Ronald Walken was born in Queens, New York in 1943, and named after the actor Ronald Colman. “My parents were first-generation immigrants, both of them fortysomething when I was born. They came to America during the Depression and made a life. My dad was a baker from Germany. My mother was from Glasgow.” His mum pushed him and his two brothers into showbiz: “I was one of those kids who was on TV shows. I was in sketches with Jerry Lewis and Dean Martin. Never got paid a cent!” Is it true you ran away to join the circus? “I didn’t run away, I just got a job as a trainee lion tamer. Who’s going to turn that down?” He was 16 at the time and the job lasted one summer. But working with Sheba was blissful. “I would come into the cage and wave my whip, and she’d lazily get up and sit like a dog and maybe give a little roar.
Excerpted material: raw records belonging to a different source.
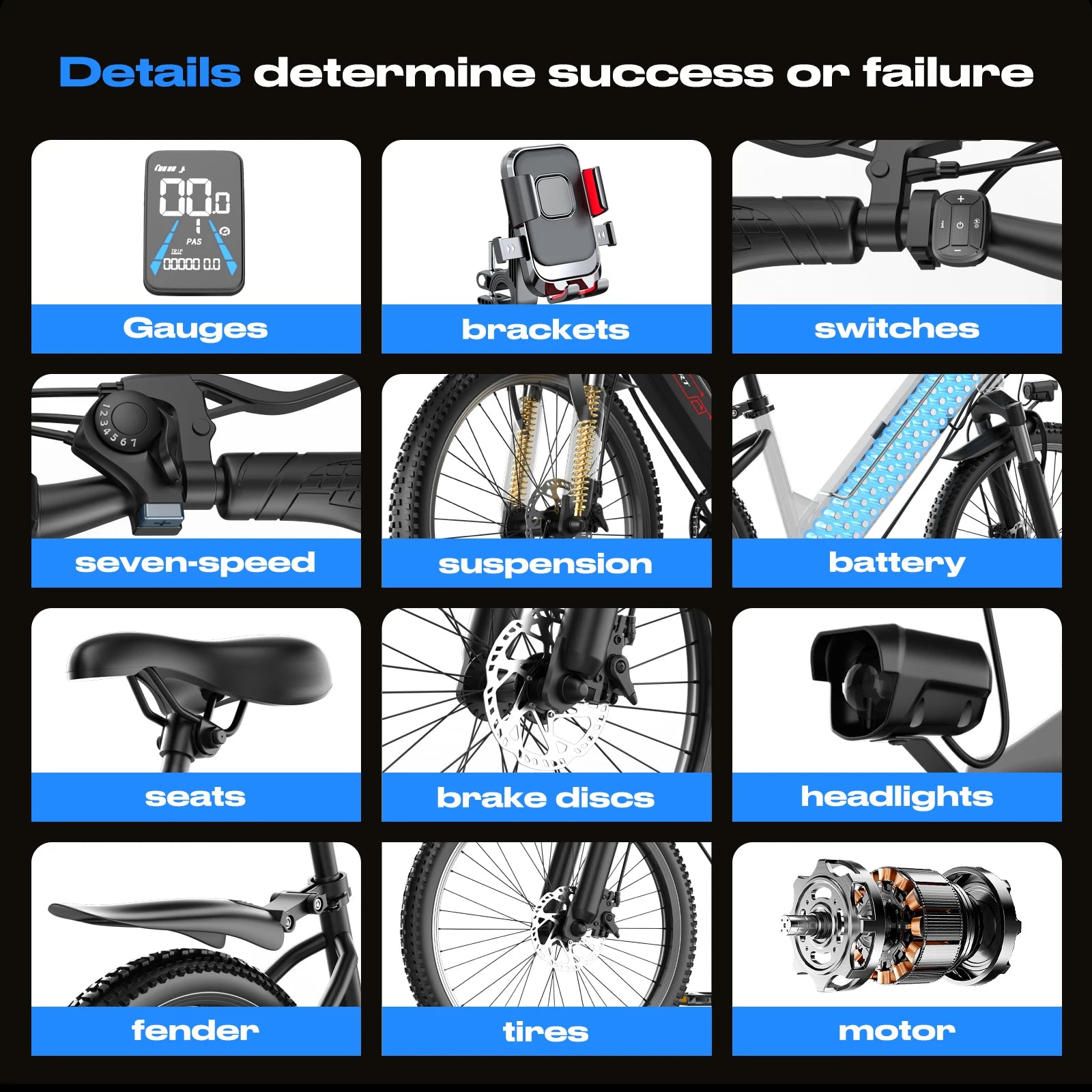 - Five riding modes (pedal assist, throttle, cruise, pedal only, walk assist) paired with a 7-speed drivetrain and 26" puncture-resistant tires for precise control across trails and city streets.
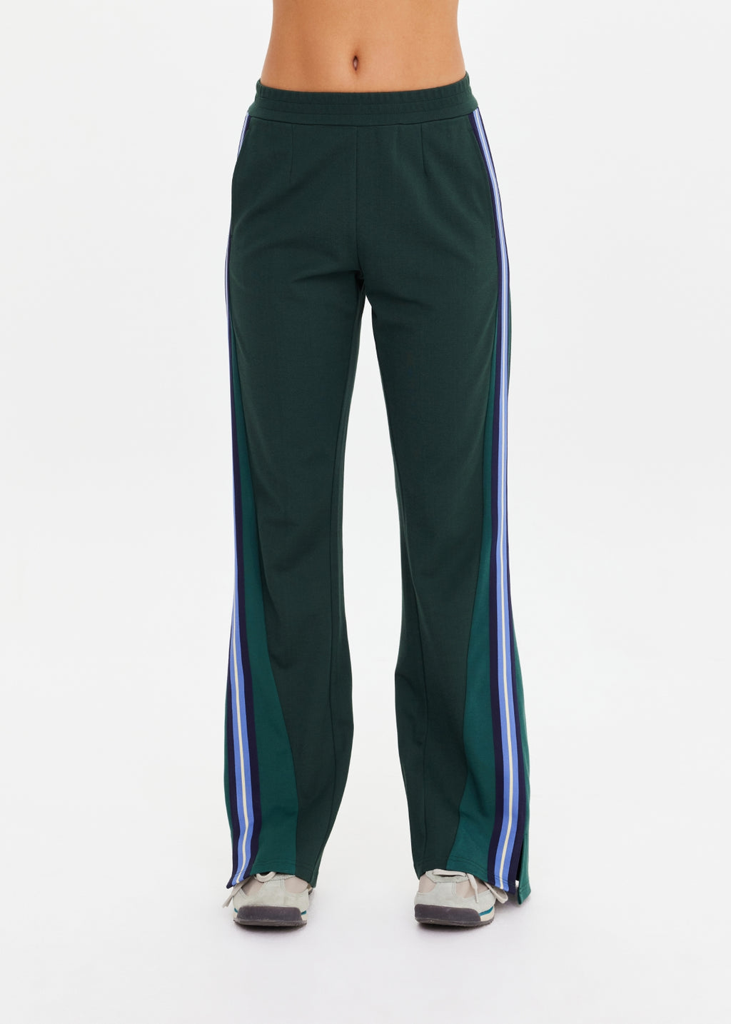 Contrast knitted tape down side seams in navy, blue and cream adding a sporty touch
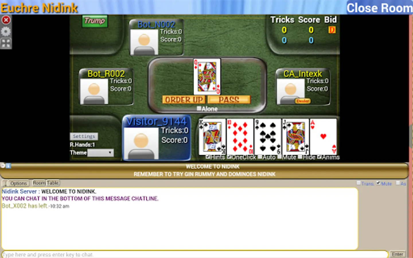 Play Euchre in a mutiplayer online environment with your friends or new people.

I like cats a lot. I’ve always liked cats. They’re great company.”

But the circus couldn’t hold Ronnie Walken for long. He went to university for one year, then dropped out to train professionally at the Washington Dance Studio. “Dancing was something I’d done since the age of three. In those days, working-class people like my parents sent their kids to learn tap, ballet and acrobatics.” By 1964, he was a nightclub dancer and had changed his name to Christopher (a friend thought it sounded more sophisticated). The same year, he was in a touring production of West Side Story, during which he fell in love with another cast member, Georgianne, whom he married in 1969. She went on to become a celebrated casting director (The Sopranos would be very different were it not for her).

His dance moves have frequently encouraged directors to treat him, like John Travolta or James Cagney, as someone who should do at least one crowd-pleasing quickstep per movie. Perhaps the best was his turn in Abel Ferrara’s 1990 King of New York, though the video for Fatboy Slim’s Weapon of Choice runs a close second. “It gets kind of annoying,” he says. “Just because you play violin, you don’t want to do it every time you’re asked.”
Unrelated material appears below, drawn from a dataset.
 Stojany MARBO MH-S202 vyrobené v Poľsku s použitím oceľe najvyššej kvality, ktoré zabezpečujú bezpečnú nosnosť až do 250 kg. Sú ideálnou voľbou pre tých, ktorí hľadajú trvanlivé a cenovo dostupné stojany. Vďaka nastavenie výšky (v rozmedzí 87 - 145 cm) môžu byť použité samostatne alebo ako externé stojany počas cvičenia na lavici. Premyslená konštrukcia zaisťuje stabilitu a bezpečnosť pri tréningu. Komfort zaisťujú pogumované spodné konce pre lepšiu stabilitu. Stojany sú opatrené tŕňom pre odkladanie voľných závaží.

Even in The Outlaws, Merchant inveigles Walken into a little soft shoe shuffle. One of Frank’s fellow cons plays Sam Cooke’s Chain Gang as they sweep a derelict building. Walken does a dainty twirl with his broom. “I didn’t mind doing that, because it felt organic.”

We will next see Walken in a workplace thriller called Severance opposite Adam Scott, Patricia Arquette and John Turturro on Apple TV+. How come you’re belatedly doing so much TV? “That’s where the action is. It didn’t used to be.

“I always wanted to be in movies and when they asked I came running. I was part of that generation that came when the Hollywood studio system fell apart and suddenly, instead of shooting on sound stages in Hollywood, we were shooting in the jungle or somewhere crazy in Europe. It was an adventure.”

You were, I suggest, part of that maverick generation of wildly talented easy riders and raging bulls who gave Hollywood a new lease of life. “Perhaps,” whispers a voice 3,400 miles away. “I love to work – that’s one of the reasons we didn’t have children – and I probably won’t ever retire.” That’s good news for Merchant, as a second series of The Outlaws has already been commissioned.

“I’ve never had hobbies,” he says, “just a strong work ethic like my father. Tennis? Swimming? Golf? They never did it for me. Acting is really what I love. I don’t really like to go out of the house unless I’m working.”